Often, the battlefield was the mind. The foe deals in the dispiriting remark, the insinuation, the crude temptation, the lie – these are the stock weapons of those who have rejected truth. They have nothing else. Still, as these weapons are deployed, they hurt the intended target, so too did the blows they inflicted, and sometimes these blows were not just psychological.

One of the more surprising things about this book is its recounting of the physical attacks that some saints endured.  Some even suffered physical injuries – but, thankfully, this appears to be a rare phenomenon. Seemingly, however, the fury of these attacks was provoked by the good that the particular saints were doing for other souls, sometimes unbeknownst to the saints.  Paradoxically, such assaults pointed to victory. Here is the other telling thing revealed in these pages: the army of Darkness may have cunning and deception as part of its arsenal but it lacks self-control. The infernal attacks come from a rage, yes, but an uncontrolled one. In these pages, the actions of the evil one and his legions appear akin to those of a desperate man who knows that his actions are ultimately futile, and with the knowledge that his time is running out.

Thigpen is to be commended for having produced an unusual book that is as intriguing as it is readable. He skilfully weaves the lives of the saints together into a thread that reaches from Eden to the present time; it is a thread signifying spiritual warfare. As Thigpen does so, he makes the reader reflect on the real movement of history in the last two thousand years, exposing a reality sadly neglected even in some contemporary religious circles.

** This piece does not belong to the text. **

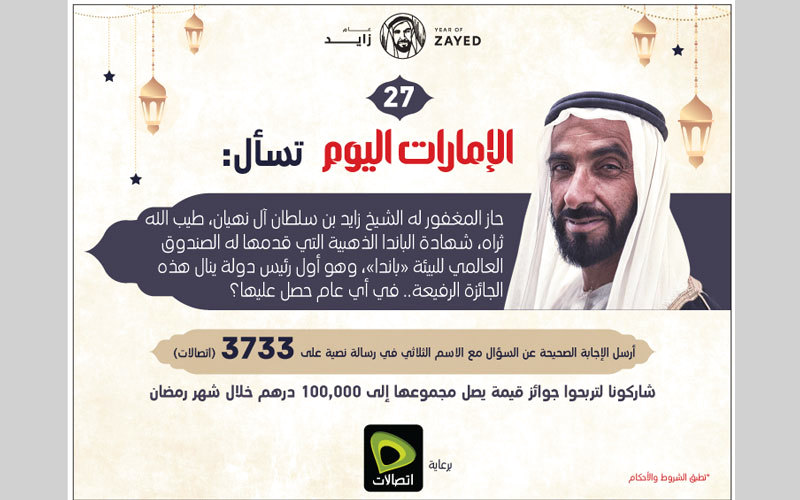 تويتر لينكدين تويتر فيسبوك مجاناً يُمكنك الاشتراك الآن بنشرتنا البريدية لتبقى على اطلاع بأبرز الأخبار والمواضيع Email address First name (إختياري) الإمارات اليوم تسأل: حاز المغفور له الشيخ زايد بن سلطان آل نهيان، طيّب الله ثراه، شهادة الباندا الذهبية التي قدمها له الصندوق العالمي للبيئة «باندا»، وهو أول رئيس دولة ينال هذه الجائزة الرفيعة.. في أي عام حصل عليها؟ المصدر: دبي ـــ الإمارا ت اليوم التاريخ: 12 يونيو 2018 Share فيسبوك تويتر لينكدين Pin Interest Whats App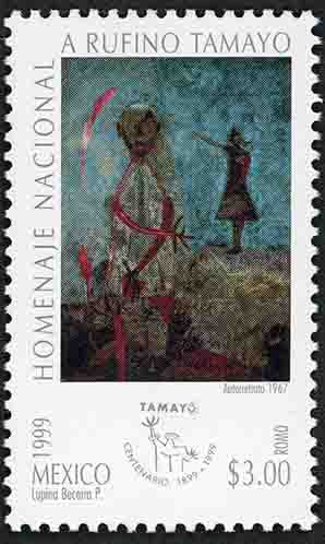 No. Scott: 2157 -- Año de Emisión: 1999 -- Valor Facial: $ 3.00 -- Multicolor -- Perforación:13 1/2 -- Tipo de Impresión: Offset Fluorescente Timbre Postal Mexicano multicolor, en la imagen se observa una obra del pintor y muralista Rufino Tamayo, titulada Autorretrato, en la estampilla está escrito "HOMENAJE NACIONAL A RUFINO TAMAYO", "MÉXICO 1999", el valor facial de "$3.00" y "ROMO". Para más información favor de dirigirse a biblioteca@mufi.org.mx

In the end, therefore, Thigpen leaves no one in any doubt that there is, in fact, an alternative history – it is not taught in any schools, nor will it be spoken of at any forthcoming Halloween parties, but it is no less real for that.

The saints of the last twenty centuries featured in this book, in the end, triumphed. They died with the badge of honour won on the battlefield despite the persistent attacks of the enemy. They expired and received the victor’s laurel that no one, and nothing, can now remove. They are indeed the blessed ones.

Editor’s note: Saints Who Battled Satan: Seventeen Holy Warriors Who Can Teach You How to Fight the Good Fight and Vanquish Your Ancient Enemy, TAN Books, 2015.  The featured image depicts “The Temptation of St. Anthony,” by Domenico Ghirlandaio.